**What this task involves**
Go through the entries below and retype them exactly, omitting each picture.

**Stored entries**
--------------------------------

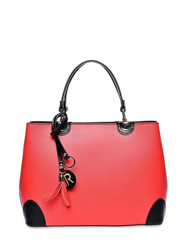 Top Handle Bag 100% cow leather Two top handles: 36 cm Interior zip organizing pocket Tassel accent on front Detachable shoulder strap Dimensions: 23.5x36x12 cm
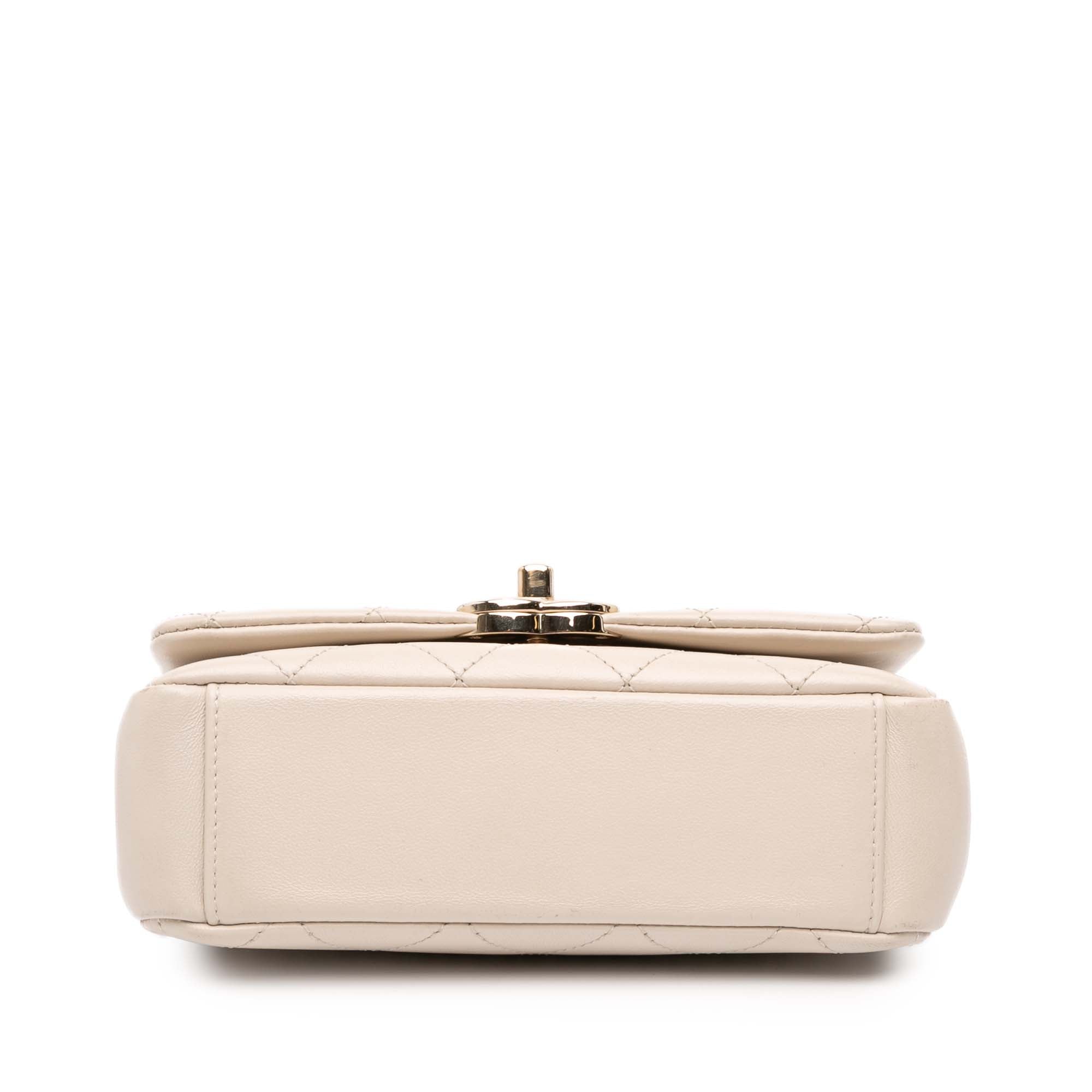 This crossbody bag features a quilted leather body, a leather woven chain shoulder strap with leather guard, a front flap with CC turn-lock closure, and an interior slip pocket. Inclusion: authenticity card. Retail Price: 4500.00
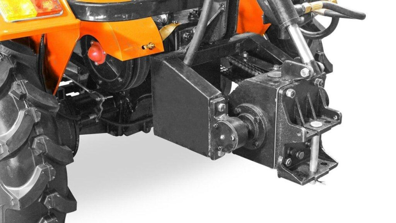 Так как в минитракторе установлена 3-х точечная система навесного оборудования, то данный трактор оборудован ещё и ВОМом скорость вращения которого – 540 оборотов в минуту. На такой скорости вращения можно использовать большое количество агрегатов: картофелекопалок, опрыскивателей, почвофрез, разбрасывателей удобрений, косилок и ещё более десятка видов навесного оборудования.
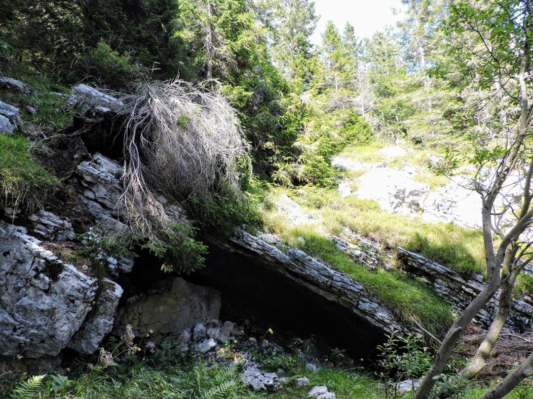 In un corridoio leggermente più ampio è stata ricavata una galleria con doppia uscita. Rispetto al piano di camminamento l'ingresso è decisamente più alto (chissà perché) ed al suo interno una specie di camino naturale guarda verso l'alto. Questo passaggio porta a delle trincee sulla cima del monte.
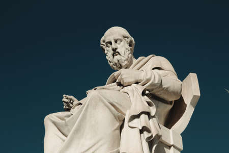 Statue of the ancient Greek philosopher Plato in Athens, Greece.
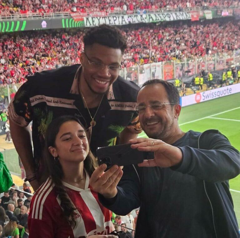 ΠοδόσφαιροΟλυμπιακός Ολυμπιακός: Η φωτογραφία του προέδρου της Κύπρου και της κόρης του με τον Γιάννη Αντετοκούνμπο
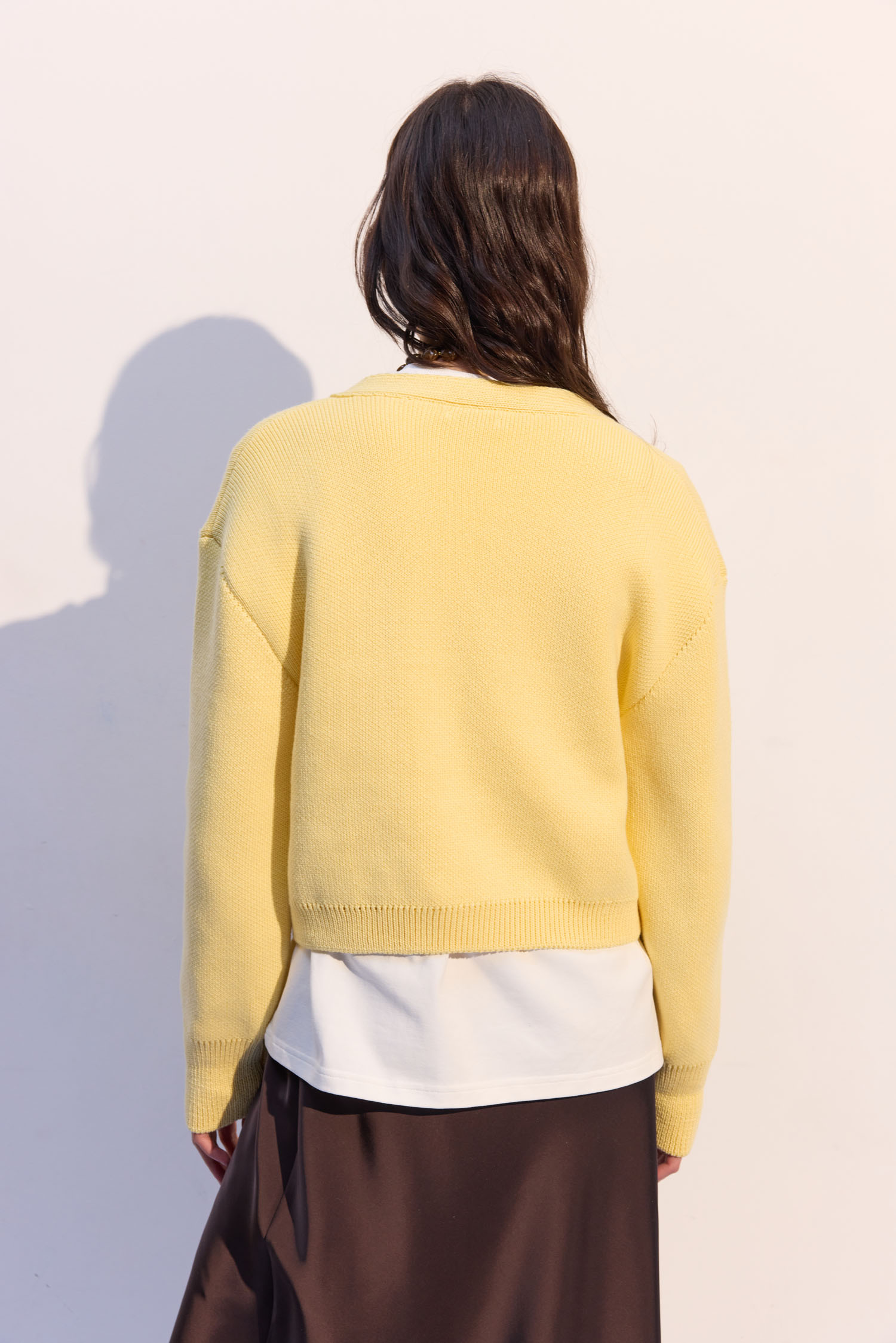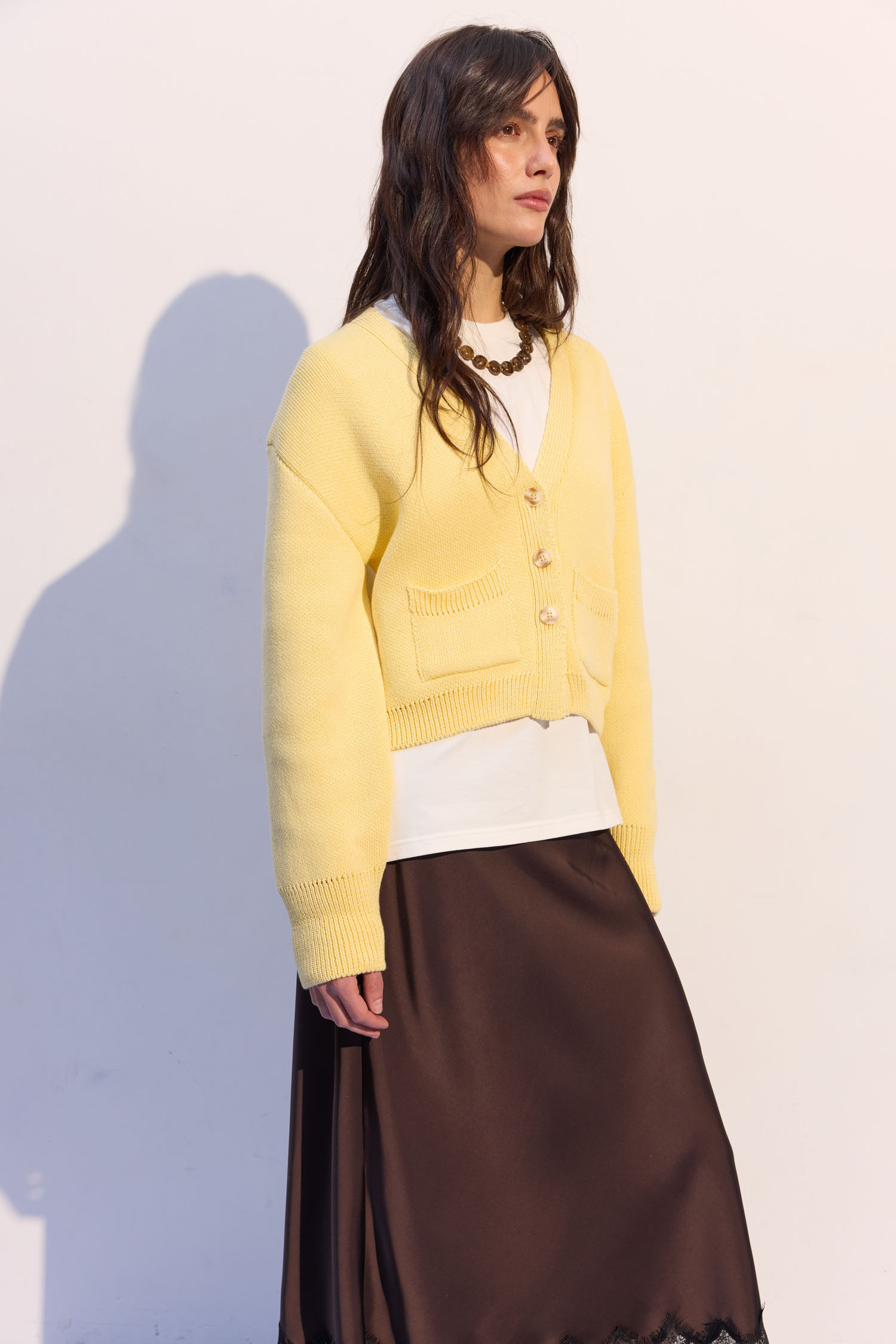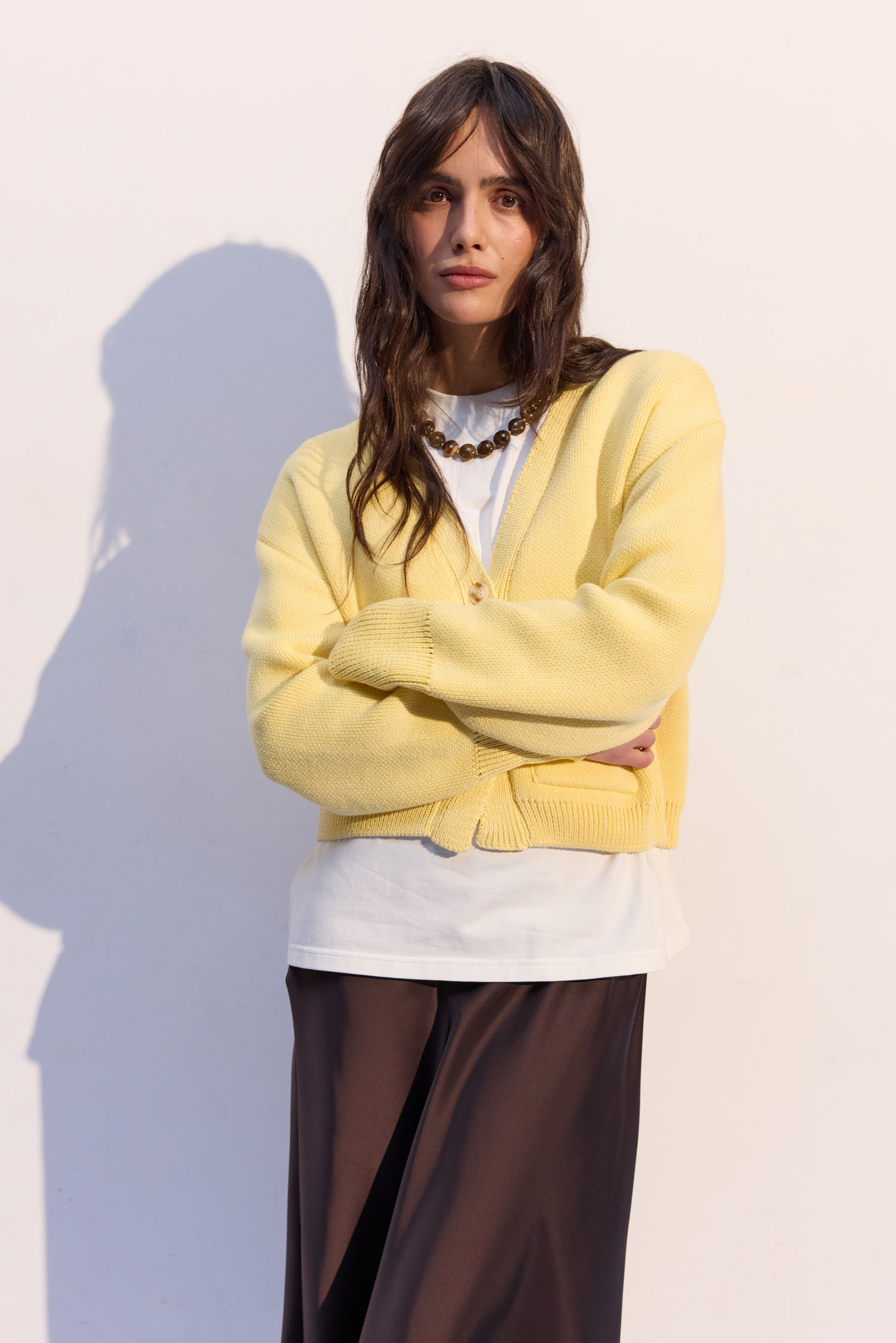 Женский трикотажный лимонный кардиган. Кардиган на трех больших пуговицах, имеет два кармана. Плотный и теплый вязаный кардиган из хлопковой пряжи для стильных образов. Идеально сочетается с юбками, брюками, джинсами.

--------------------------------

**Final answer**
 Top Handle Bag 100% cow leather Two top handles: 36 cm Interior zip organizing pocket Tassel accent on front Detachable shoulder strap Dimensions: 23.5x36x12 cm
 This crossbody bag features a quilted leather body, a leather woven chain shoulder strap with leather guard, a front flap with CC turn-lock closure, and an interior slip pocket. Inclusion: authenticity card. Retail Price: 4500.00
 Так как в минитракторе установлена 3-х точечная система навесного оборудования, то данный трактор оборудован ещё и ВОМом скорость вращения которого – 540 оборотов в минуту. На такой скорости вращения можно использовать большое количество агрегатов: картофелекопалок, опрыскивателей, почвофрез, разбрасывателей удобрений, косилок и ещё более десятка видов навесного оборудования.
 In un corridoio leggermente più ampio è stata ricavata una galleria con doppia uscita. Rispetto al piano di camminamento l'ingresso è decisamente più alto (chissà perché) ed al suo interno una specie di camino naturale guarda verso l'alto. Questo passaggio porta a delle trincee sulla cima del monte.
 Statue of the ancient Greek philosopher Plato in Athens, Greece.
 ΠοδόσφαιροΟλυμπιακός Ολυμπιακός: Η φωτογραφία του προέδρου της Κύπρου και της κόρης του με τον Γιάννη Αντετοκούνμπο
 Женский трикотажный лимонный кардиган. Кардиган на трех больших пуговицах, имеет два кармана. Плотный и теплый вязаный кардиган из хлопковой пряжи для стильных образов. Идеально сочетается с юбками, брюками, джинсами.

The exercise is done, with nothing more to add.